## What you need to do
From the listing below, retype exactly the line holding "在中共七大会址——杨家岭中央", the line holding "Ciondolo Chantecler Medusa", and the lines between them; skip everything else.
[[ Material shown open ]]
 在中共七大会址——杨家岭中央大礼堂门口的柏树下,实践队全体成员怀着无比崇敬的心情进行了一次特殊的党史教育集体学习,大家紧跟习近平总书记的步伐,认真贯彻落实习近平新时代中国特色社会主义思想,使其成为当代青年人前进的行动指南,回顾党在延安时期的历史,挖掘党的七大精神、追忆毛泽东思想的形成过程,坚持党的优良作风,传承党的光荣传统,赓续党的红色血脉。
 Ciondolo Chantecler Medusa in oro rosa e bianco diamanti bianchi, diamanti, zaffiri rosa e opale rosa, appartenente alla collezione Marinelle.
[[ Material shown closed ]]
[[ Material shown open ]]
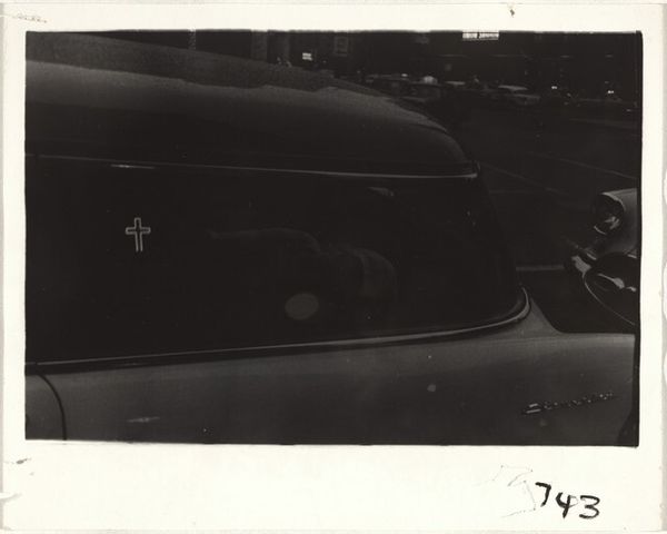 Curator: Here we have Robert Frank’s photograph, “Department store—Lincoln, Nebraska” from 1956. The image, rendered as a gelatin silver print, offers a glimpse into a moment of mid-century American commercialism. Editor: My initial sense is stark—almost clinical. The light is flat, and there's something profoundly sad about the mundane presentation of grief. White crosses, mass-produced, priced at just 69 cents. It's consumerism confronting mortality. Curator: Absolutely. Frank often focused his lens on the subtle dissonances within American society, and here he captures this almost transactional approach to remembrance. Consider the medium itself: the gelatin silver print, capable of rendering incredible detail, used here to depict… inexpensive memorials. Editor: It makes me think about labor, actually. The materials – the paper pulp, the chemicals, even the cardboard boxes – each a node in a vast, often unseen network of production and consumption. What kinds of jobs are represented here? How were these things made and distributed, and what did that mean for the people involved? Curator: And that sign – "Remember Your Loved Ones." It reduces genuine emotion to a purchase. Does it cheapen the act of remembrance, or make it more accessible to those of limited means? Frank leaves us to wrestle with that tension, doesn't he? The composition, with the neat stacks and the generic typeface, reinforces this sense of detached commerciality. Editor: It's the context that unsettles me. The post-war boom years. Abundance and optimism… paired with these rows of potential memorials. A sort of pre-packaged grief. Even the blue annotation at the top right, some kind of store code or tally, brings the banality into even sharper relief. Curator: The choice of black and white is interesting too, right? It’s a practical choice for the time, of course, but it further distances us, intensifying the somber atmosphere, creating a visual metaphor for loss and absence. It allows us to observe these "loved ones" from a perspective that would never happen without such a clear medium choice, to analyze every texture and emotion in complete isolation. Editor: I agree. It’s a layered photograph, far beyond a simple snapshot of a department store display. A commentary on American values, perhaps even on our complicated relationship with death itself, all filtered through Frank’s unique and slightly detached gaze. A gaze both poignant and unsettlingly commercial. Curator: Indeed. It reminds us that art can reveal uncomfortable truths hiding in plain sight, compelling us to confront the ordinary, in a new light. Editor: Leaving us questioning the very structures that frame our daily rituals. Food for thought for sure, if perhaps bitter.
[[ Material shown closed ]]
## Reply
 在中共七大会址——杨家岭中央大礼堂门口的柏树下,实践队全体成员怀着无比崇敬的心情进行了一次特殊的党史教育集体学习,大家紧跟习近平总书记的步伐,认真贯彻落实习近平新时代中国特色社会主义思想,使其成为当代青年人前进的行动指南,回顾党在延安时期的历史,挖掘党的七大精神、追忆毛泽东思想的形成过程,坚持党的优良作风,传承党的光荣传统,赓续党的红色血脉。
 Ciondolo Chantecler Medusa in oro rosa e bianco diamanti bianchi, diamanti, zaffiri rosa e opale rosa, appartenente alla collezione Marinelle.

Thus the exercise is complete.